Chores for kids pt. 1: How to answer “BUT MOM! WHYYYY?!”
Spring is on it’s way and change is in the air. What better way to spice things up at home than to add some chores to your children’s days? This 5-part blog series will help you start assigning chores for kids if you haven’t already and help you up your chore game if you have.
Where do you even start when it comes to getting kids to help out around the house? It seems pretty daunting. Doesn’t it? Assigning chores is a lesson in delayed gratification if ever there was one.
The first few times you ask them to do anything new can get pretty ugly. But once a chore becomes a habit, you as a parent get to bask in the glory of your diligence for years to come. (Imagine a world where you never touch the trash cans or the toilet brush AGAIN? It can happen!) So let’s get started.
First things first: find your motivation.
Why do you want to have your children help around the house?
- Are you totally fried by the time they go to school because you’ve done the work of 4 people to get them ready?
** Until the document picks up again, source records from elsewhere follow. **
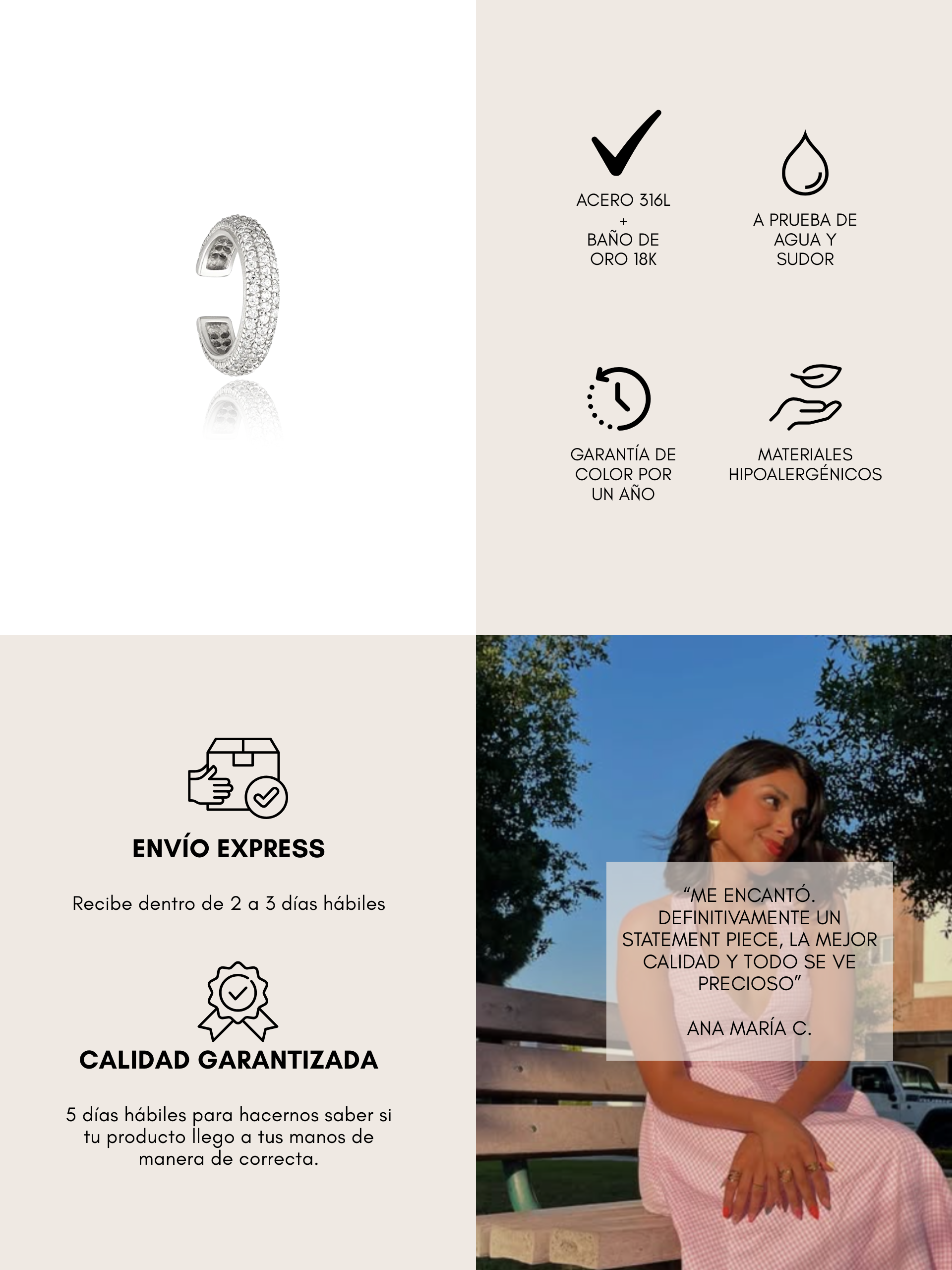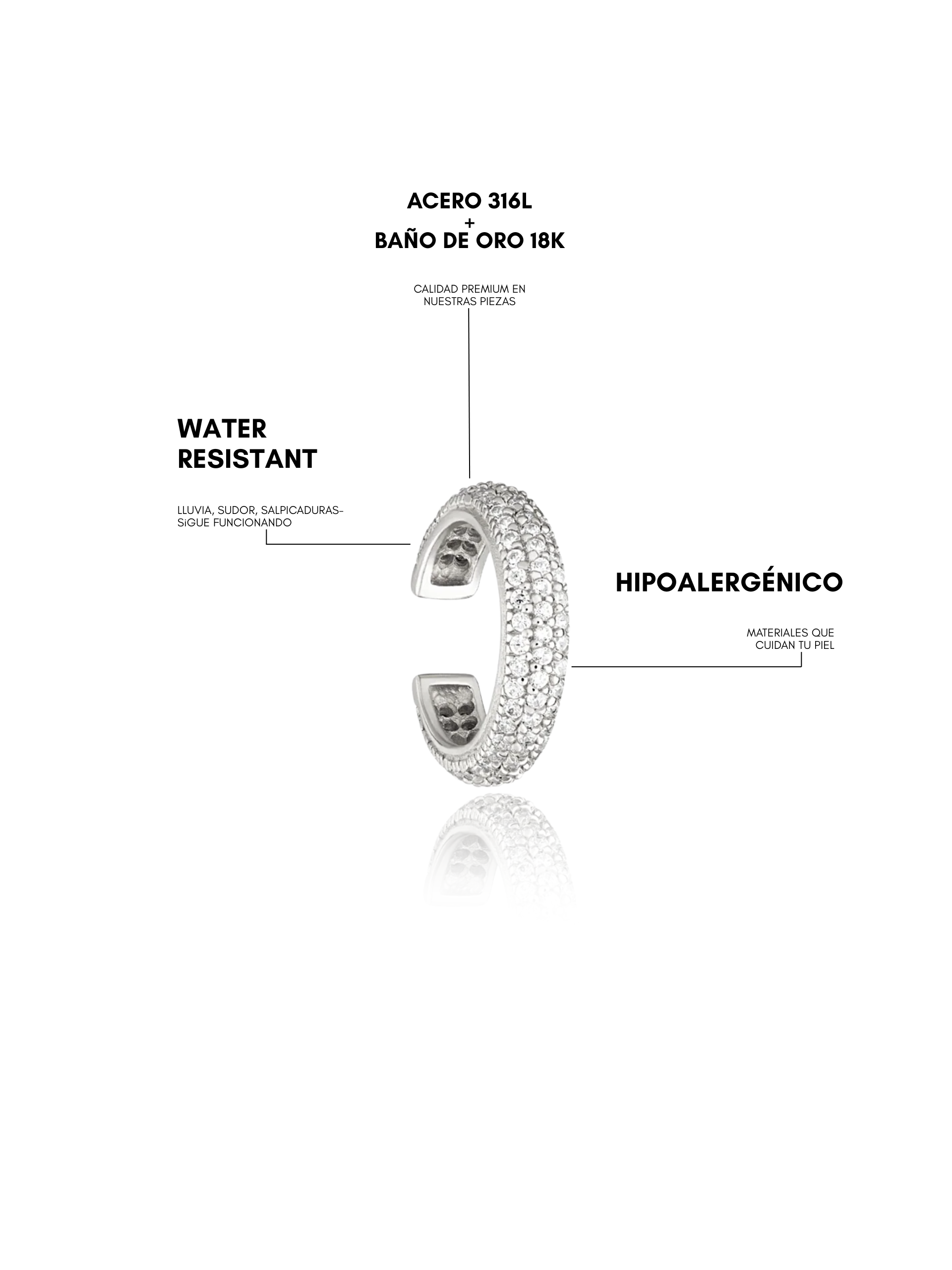 Todas nuestras piezas son de acero inoxidable resistente al agua, diseñadas para acompañarte todos los días sin perder brillo ni color.
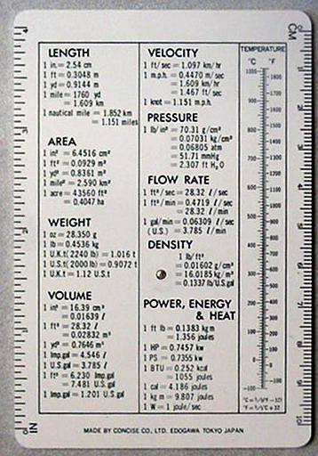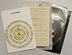 Brand NEW Sets, mint condition!. The Hope 740 is another custom rule made by Concise and marketed under another label, in this case Hope, who offered both circular and straight rules from Japan. The 740 is a metric converter built on the Concise data center 'chassis'. The front is a compact 3 inch pocket circular slide rule, attached to a rectangular data center card (with side inch/cm rulers on the back). The rear side has a C/F temperature scale, inch and centimeter rulers and a nice table of constants. A very handy rule for quick conversions of temperature, length, volume, weight and area, PLUS an extra C/D scale set for general calculations. Complete with black/clear vinyl slip case, and short factory manual, all in MINT CONDITION! This ia a very nice looking item from Concise that will be very handy in your shirt pocket! (4 Scales, 2 back rulers, Constants) |
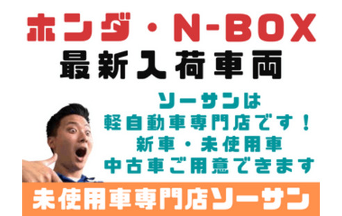 ソーサンは、埼玉県さいたま市・蕨市・戸田市・川口市・草加市・越谷市・八潮市・東京都足立区・北区を中心にご利用されている店舗です。年間販売台数1,000台突破!埼玉県の軽自動車(排気量660cc)中心としたトップ・クラスの販売店です!衝突軽減(アシスト)・低燃費・色や装備や状態などから検索いただき比較ができるお店です!購入後も自動車のことなら全てお任せ!車検や点検・鈑金修理などアフターサポート付きで地域トップクラスの充実店です!お客様の依頼・要望・必要に応じて現金・オートローンの月々支払(ローン分割、定額..等)方法をお選び頂けます!本体価格やナビ・オーディオなどの部分ローンなどご遠慮なく質問やご相談ください!
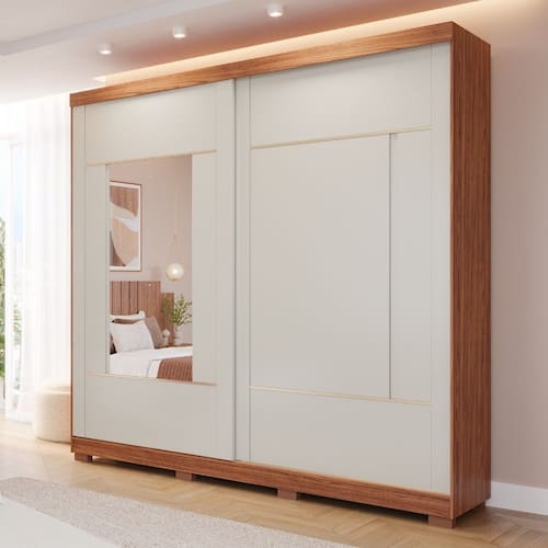 Guarda Roupa Casal com Espelho 2 Portas de Correr e P?s Em MDF Olivia Panan O Guarda Roupa Olivia Panan foi desenvolvido para oferecer praticidade, organiza??o e eleg?ncia ao quarto do casal. Com design moderno e funcional, ele combina espa?o interno bem distribu?do com acabamentos de qualidade, garantindo durabilidade e sofistica??o no ambiente. Com sua combina??o de beleza e funcionalidade, o Guarda Roupa Olivia ? a escolha certa para quem busca um m?vel dur?vel, pr?tico e elegante para compor o dormit?rio.
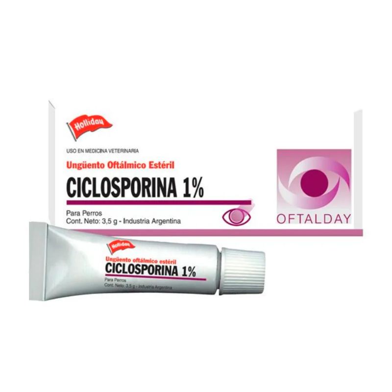 Reduce la inflamación ocular al inhibir la respuesta inmune.
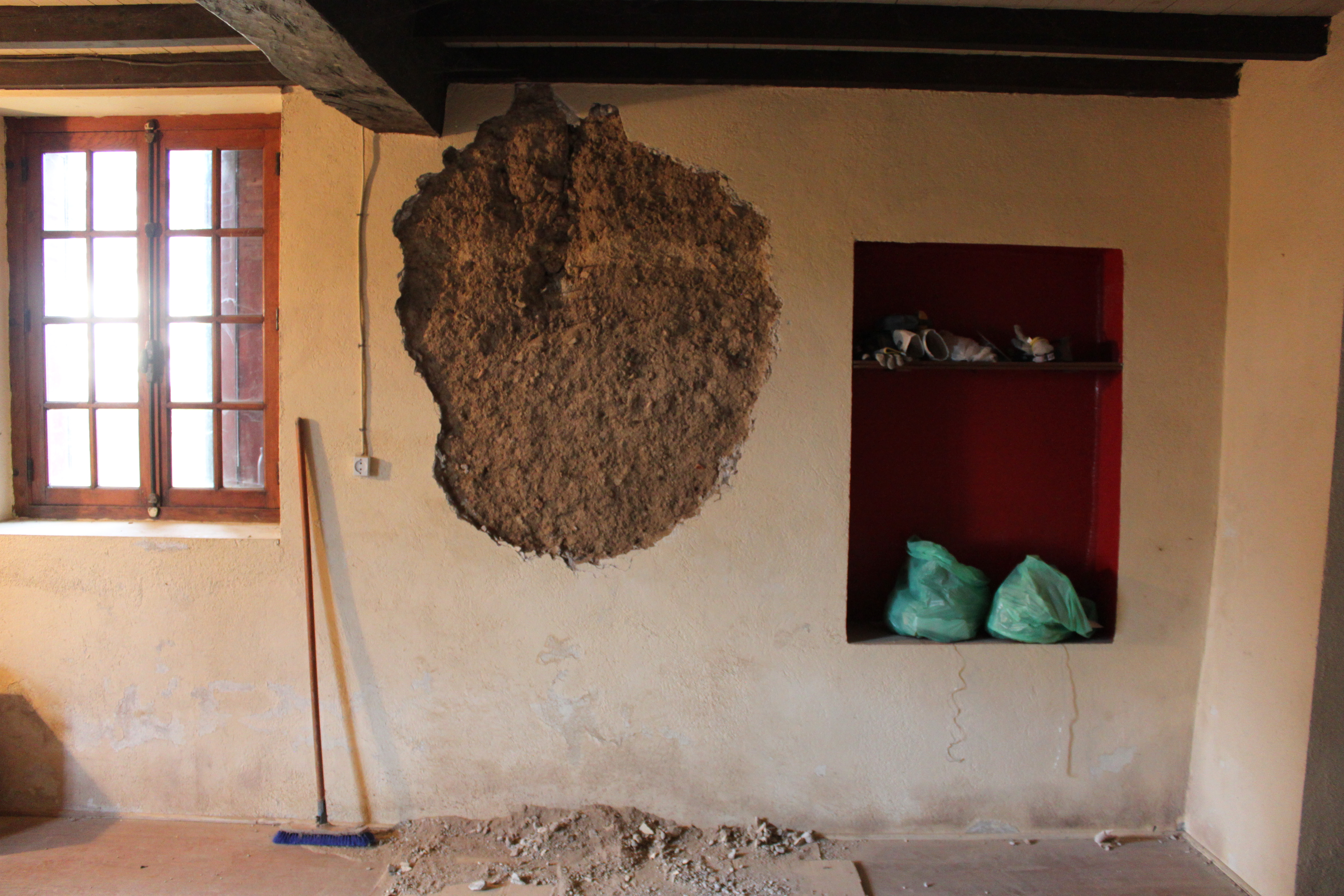 Bref, quatre petites heures de taff (parce qu'en plus le soir tombe vite, et qu'on a quand même 2h de trajet au total), qui ont commencé par un petit découragement sur le mur sois-disant-facile-qui-avait-bien-menti-le-con (facile sur 30cm ; le reste, va savoir... on est passés à autre chose ! ). Heureusement, un autre mur s'est avéré plus coopératif pour cette petite aprème fatiguée, avec sa terre bien sèche dessous ; c'est compréhensible, puisqu'il donne sur l'extérieur (qui a encore un bon enduit respirant, donc ce mur n'avait qu'un côté "bloqué"), mais ça fait plaisir quand même.

- Are you embarrassed around older generations because your kids don’t do their share?
- Are you worried they will never learn to hang up a shirt?
- Are you jealous of other parents whose kids are miraculously helpful?
My motivation came at a dinner party years ago:
A good (childless) friend of ours, a professor at USC, was talking about how the incoming students were being micromanaged by their parents so much that the professors had been forbidden by the university to talk to parents at all. Parents were taking up all of the professors’ time with questions about the minutia of student life and classes–buying books, writing papers, finding classrooms. I was dumbfounded. Then our friend told us about one mother who’d gotten a hotel room near campus for the first 2 weeks of school–to make sure her (19 yo) baby didn’t get too stressed out about anything.
Well, that story sent me straight to my computer to create a chore spreadsheet. My kids were only 3 and 4 at the time, but I would be damned if they were going off to college dependent on me to handle their personal needs!
And my chore sheet was great. For two weeks.
Then we had to add rewards.
Two weeks later we created a new, more exciting chart. So much work!
And while the chart method worked for my self-motivated child very well (parts of it still work 7 years later) my other child is not a chart kinda guy. So I had to find different options for him.
Since this process is not the easy part of being a parent, before we even talk about actual chores, I’d like to give you two things to think about.
What is your motivation for having chores for your kids? Write these reasons down somewhere you can go back to (on a little card or a reminder board) to be motivated when enforcing the responsibility is more sucky than doing the chore yourself.
Getting kids into the habit of helping is definitely worth the effort it takes to get there. It’s also very good for your children. Make your specific intentions and reason(s) for doing this for your kids clear–at least to you, and hopefully to your parenting partner.
Next, keep in mind all ideas will not work for all children. You have to be committed to experimenting and figuring out one or two that work for your child(ren) and be willing to stick with it.
Consistency is key
Every parent is going to mess up and forget one day, or let the chart slip for a week. Don’t beat yourself up about that. DO get back in the saddle and let everyone know that the game is still on. If they are old enough, ask your kids for help reminding you. If there are rewards involved, they will want to be able to earn the rewards again.
Take away: What is your motivation to assign your kids more chores starting this spring?